# DIRECTIONS FOR THIS TASK:
Transcribe only the part of the material below that begins at the line containing "活动中,主办方通过横幅签名、" and ends at the line containing "Camilla Pihl lue", with both kept and images left out.

# EXTRACTED DATA:
....

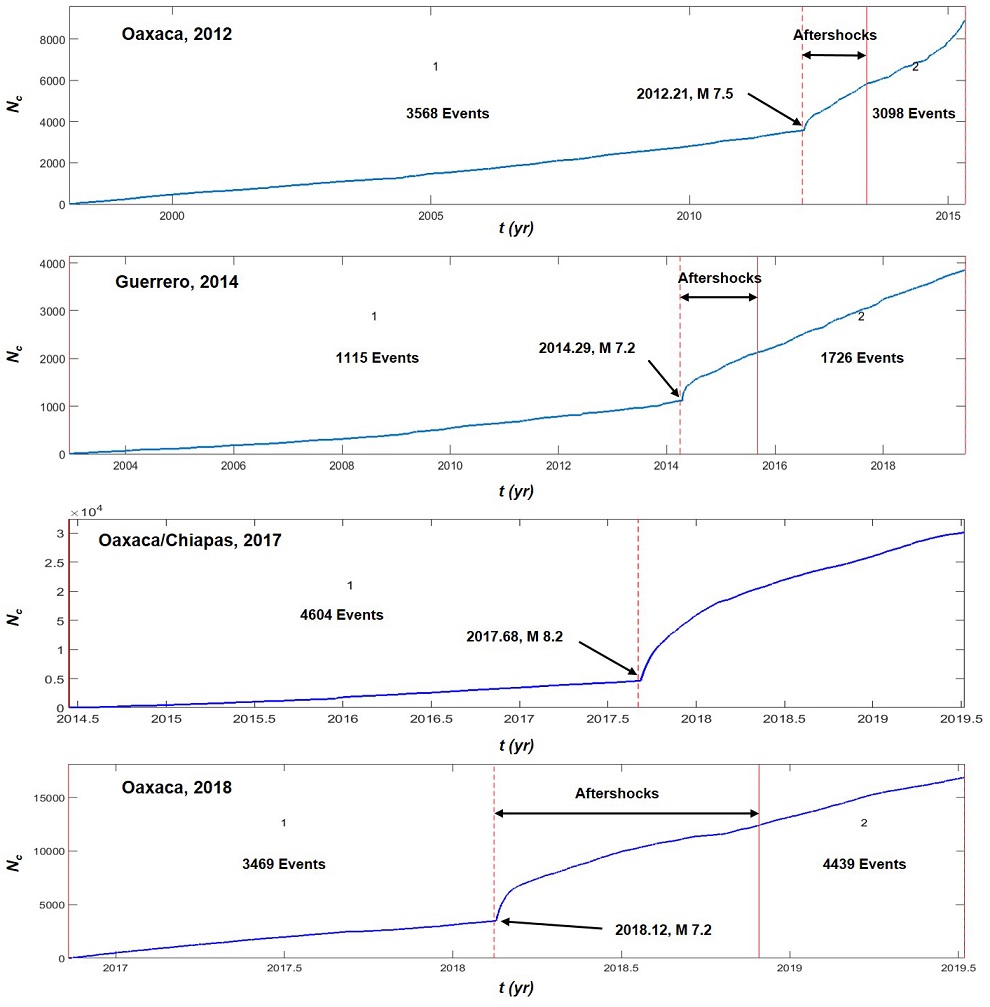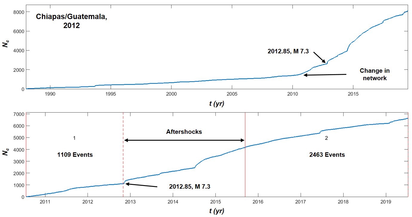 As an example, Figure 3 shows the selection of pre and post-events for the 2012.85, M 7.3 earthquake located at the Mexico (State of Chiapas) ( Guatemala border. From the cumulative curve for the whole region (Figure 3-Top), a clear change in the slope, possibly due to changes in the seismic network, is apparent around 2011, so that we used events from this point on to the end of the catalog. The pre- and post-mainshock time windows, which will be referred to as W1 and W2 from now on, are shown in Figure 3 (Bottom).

....

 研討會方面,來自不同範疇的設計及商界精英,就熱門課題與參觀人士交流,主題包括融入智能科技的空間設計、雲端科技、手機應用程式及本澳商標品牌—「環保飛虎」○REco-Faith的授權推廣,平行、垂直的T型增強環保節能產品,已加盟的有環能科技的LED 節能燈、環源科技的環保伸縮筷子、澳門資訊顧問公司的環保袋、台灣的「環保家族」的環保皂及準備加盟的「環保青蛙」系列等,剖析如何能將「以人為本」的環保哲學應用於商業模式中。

....

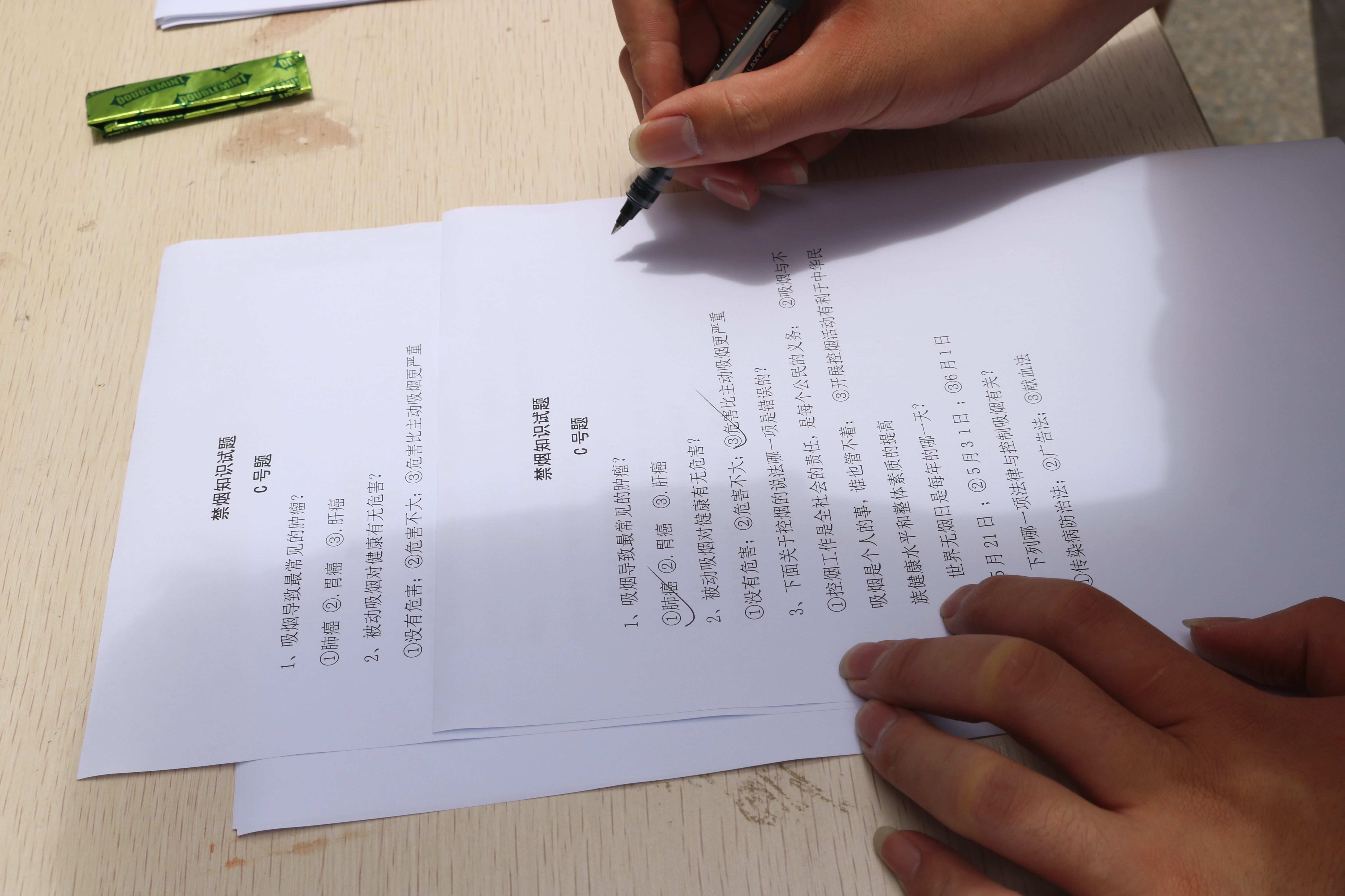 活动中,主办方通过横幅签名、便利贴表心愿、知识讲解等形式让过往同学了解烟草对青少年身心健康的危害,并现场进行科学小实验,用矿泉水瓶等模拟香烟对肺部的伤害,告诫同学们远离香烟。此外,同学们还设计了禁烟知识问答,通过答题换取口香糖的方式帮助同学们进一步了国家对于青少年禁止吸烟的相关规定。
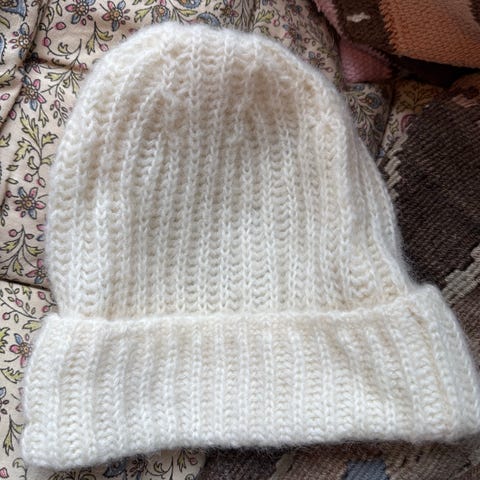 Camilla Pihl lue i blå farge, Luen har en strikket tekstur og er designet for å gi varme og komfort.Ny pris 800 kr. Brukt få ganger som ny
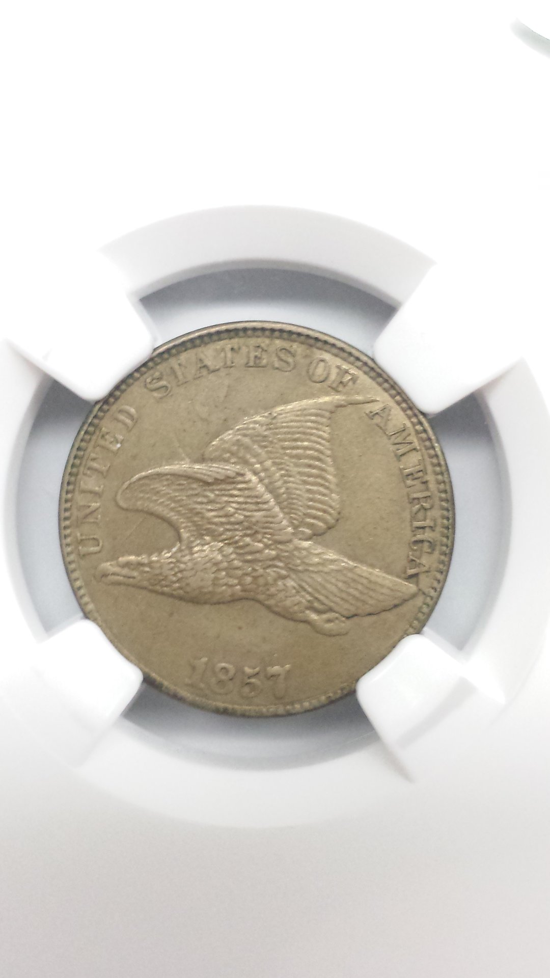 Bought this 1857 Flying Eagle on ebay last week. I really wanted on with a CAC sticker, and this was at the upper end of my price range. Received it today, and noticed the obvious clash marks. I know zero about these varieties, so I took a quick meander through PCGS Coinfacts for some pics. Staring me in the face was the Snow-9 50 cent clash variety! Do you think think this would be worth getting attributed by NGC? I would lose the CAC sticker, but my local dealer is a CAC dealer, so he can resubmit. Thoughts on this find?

....

# THE COMPLETED TASK:
 活动中,主办方通过横幅签名、便利贴表心愿、知识讲解等形式让过往同学了解烟草对青少年身心健康的危害,并现场进行科学小实验,用矿泉水瓶等模拟香烟对肺部的伤害,告诫同学们远离香烟。此外,同学们还设计了禁烟知识问答,通过答题换取口香糖的方式帮助同学们进一步了国家对于青少年禁止吸烟的相关规定。
 Camilla Pihl lue i blå farge, Luen har en strikket tekstur og er designet for å gi varme og komfort.Ny pris 800 kr. Brukt få ganger som ny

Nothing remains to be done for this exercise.